A : “Minumnya mau apa, mas?”
B : “Teh tawar.”

Homonim terdapat pada kata “tawar” (kata sifat) yang berarti tidak ada rasanya dan di salah artikan menjadi tawar (kata kerja) yang artinya negosiasi dalam transaksi jual beli.

Contoh 3 :

A : “Kau nggak ambil uang sekalian di UNS?”
B : “Nggak, ah. ada 20 atm.”

Homonim terletak pada kata “atm” yang mengacu pada satuan tekanan atmosfer, dan disalah artikan dengan mesin ATM yang merupakan singkatan dari anjungan tunai mandiri.

Contoh 4:

Dewa sedang membaca buku tentang dewa Yunani kuno.”

“Dewa” yang pertama adalah nama seseorang, yang sedang melakukan kegiatan yaitu membaca. Sedangkan “dewa” yang berikutnya adalah objek atau perihal yang menerima kerja dari subjek, yaitu entitas dewa Yunani kuno.

Membedakan diksi homonim apalagi melalui penuturan lisan memang lebih sulit, karena banyak faktor yang mempengaruhi kita secara langsung dalam menerima pesan dari diksi tersebut, tetapi hal itu bisa dilakukan jika kita mau menyediakan waktu untuk mencerna suatu pesan dengan diksi homonim dengan seksama.

Kesimpulan:

Bahasa memiliki peran penting dalam penyampaian humor.

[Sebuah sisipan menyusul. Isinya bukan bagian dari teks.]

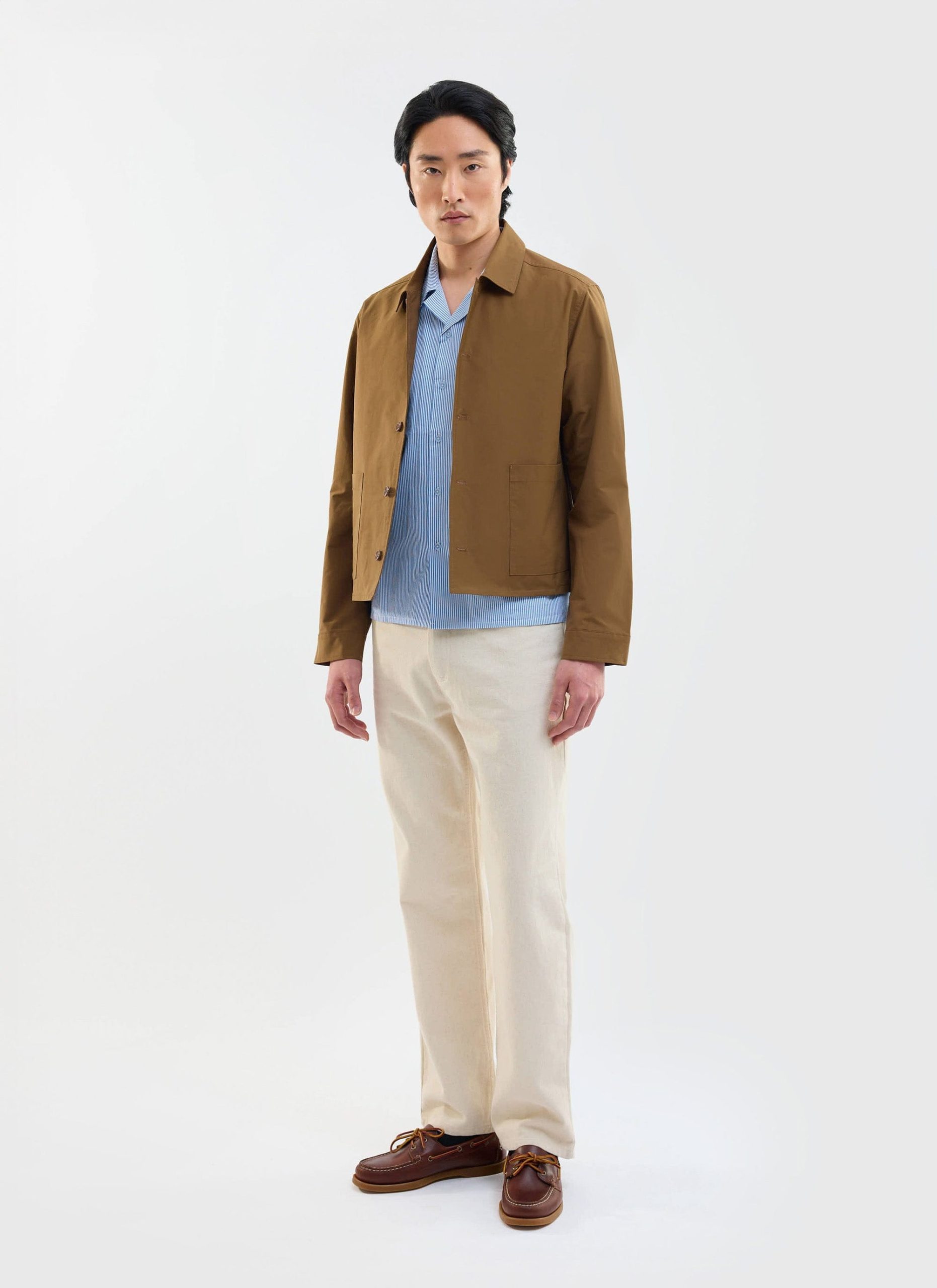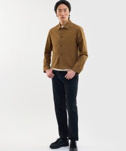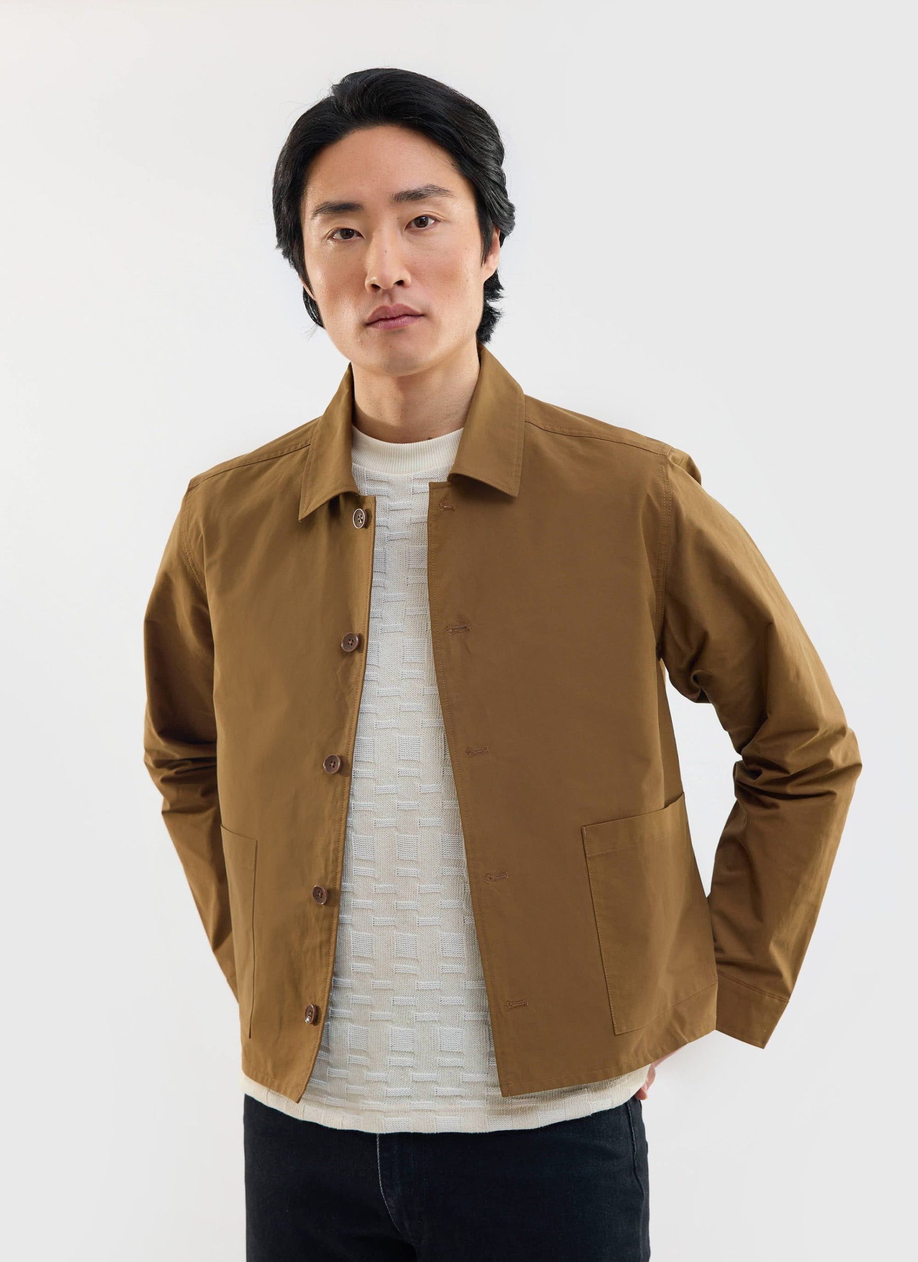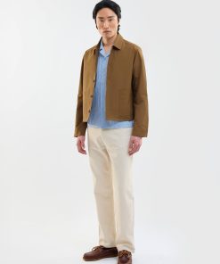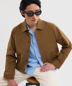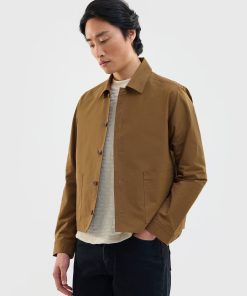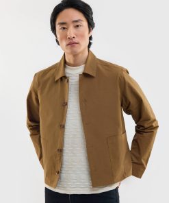 - Features: Men’s brown overshirt jacket made from heavy cotton canvas for a durable and structured feel. This cropped, boxy cut jacket sits just above the hip and features patch pocket detailing, an internal pocket, and a button down placket. It is perfect for layering over a tee or under a wool coat. The colour will naturally fade with wash and wear, giving it a lived in workwear character. A versatile button up jacket that elevates any man’s wardrobe and is ideal for unpredictable British summer weather.

Beberapa penggunaan ragam bahasa yang populer dalam humor adalah homonim, homofon, atau pun. Pun yang juga disebut paronomasia termasuk ke dalam bahasa gaul atau bahasa ABG yaitu ragam bahasa Indonesia non standar yang lazim digunakan oleh anak muda.

Penggunaan homonim, homofon, atau pun ini populer di kalangan pengguna media sosial khususnya mahasiswa dalam interaksi sehari-hari. Seseorang sebagai penutur dalam humor dengan kreatif menciptakan jokes menggunakan permainan bahasa. Orang lain yang berperan sebagai lawan tutur akan menanggapi jokes tersebut dengan respon tertawa setelah memahami makna yang dimaksud penutur. Hal ini menjadi bukti berkembangnya penggunaan bahasa dalam konteks kegiatan sederhana seperti bercanda.